Rosh HaShannah Eve

Take Off Our Shoes
Leon Wieseltier, the literary editor of the New Republic, wrote a book a number of years ago called Kaddish. It is a meditation on the year that he spent attending synagogue reciting Mourners Kaddish for his father.  He writes, “It occurred to me today that I might spend a whole year in shul, morning prayers, afternoon prayers and evening prayers, and never have a religious experience. A discouraging notion. Yet, I must not ask for what cannot be given. Shul was not invented for a religious experience. In shul, a religious experience is an experience of religion. The rest is up to me.”               

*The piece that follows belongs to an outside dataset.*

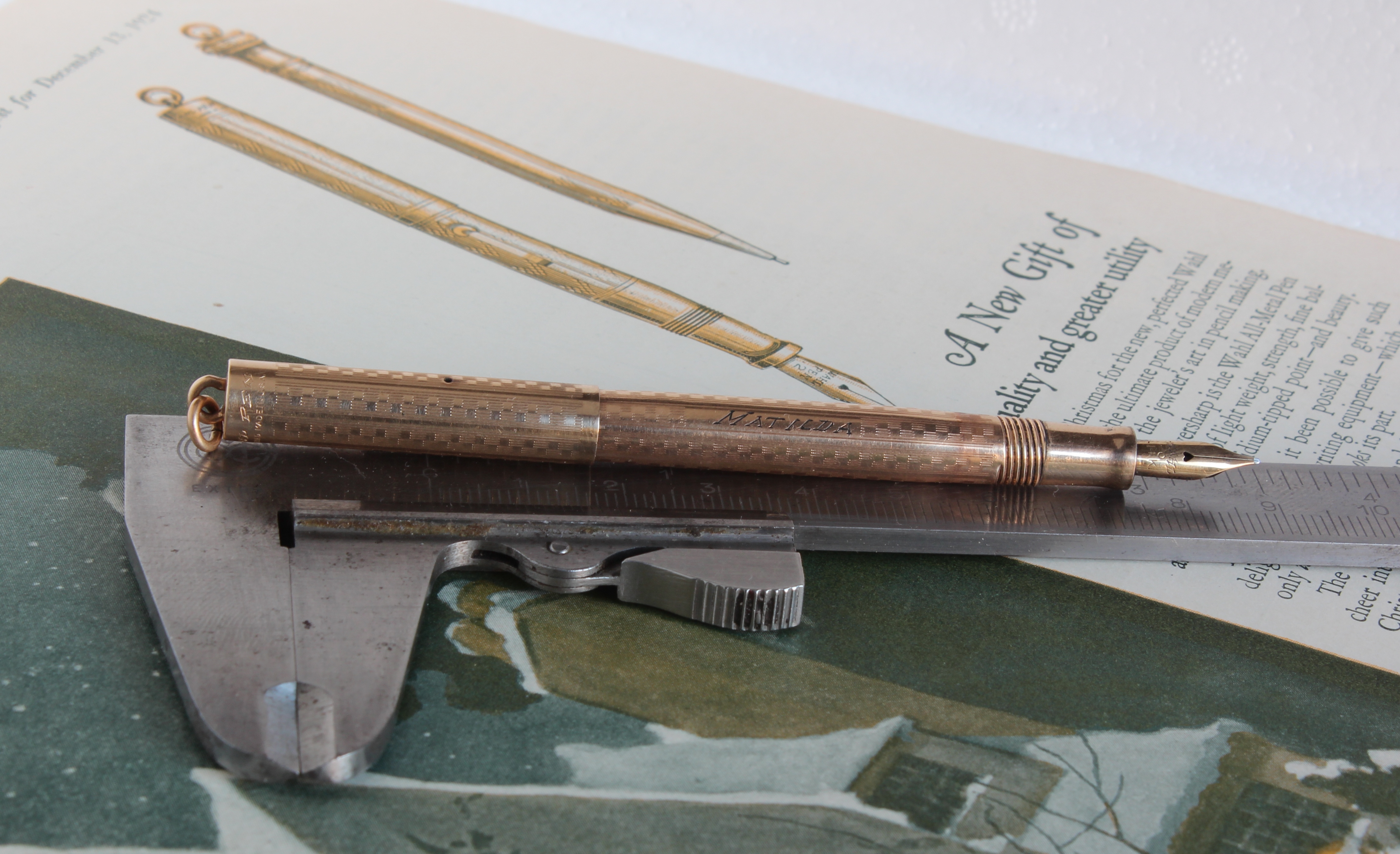 Foto di una penna Eversharp. Modello: Wahl Metal Pen. Caricamento a levetta. Realizzazione in metallo laminato oro con lavorazione guilloché. Misura mignon da signora, pennino n. 0, nella lavorazione Checkerboard.
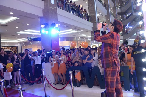Ca sĩ Bùi Anh Tuấn sau khi tạo dáng chụp hình theo phong cách siêu sao đã chiêu đãi người tham dự với giọng hát ngọt ngào, truyền cảm. |

Rosh Hashanah and Yom Kippur are called “Yamim Noraim” in Hebrew, the “Days of Awe”. The word “Noraim” in Hebrew has multiple meanings – fear and trembling and wonder and amazement – all of these are contained in the word “Noraim”.  My niece Esty, back home after spending a year in Israel, reminded me that in Modern Hebrew the word “Noraim” can also refer to the notion of “terrible”.  Will we allow ourselves to be moved these High Holidays? Will our worship bring us into contact with feelings of gratitude, wonder, and amazement?  Will we find it meaningful? Will we have a religious experience, or merely an experience of religion?  Will we leave uplifted or discouraged? Will these Holidays be awesome or terrible? Our services can provide the experience of religion. The rest is up to us.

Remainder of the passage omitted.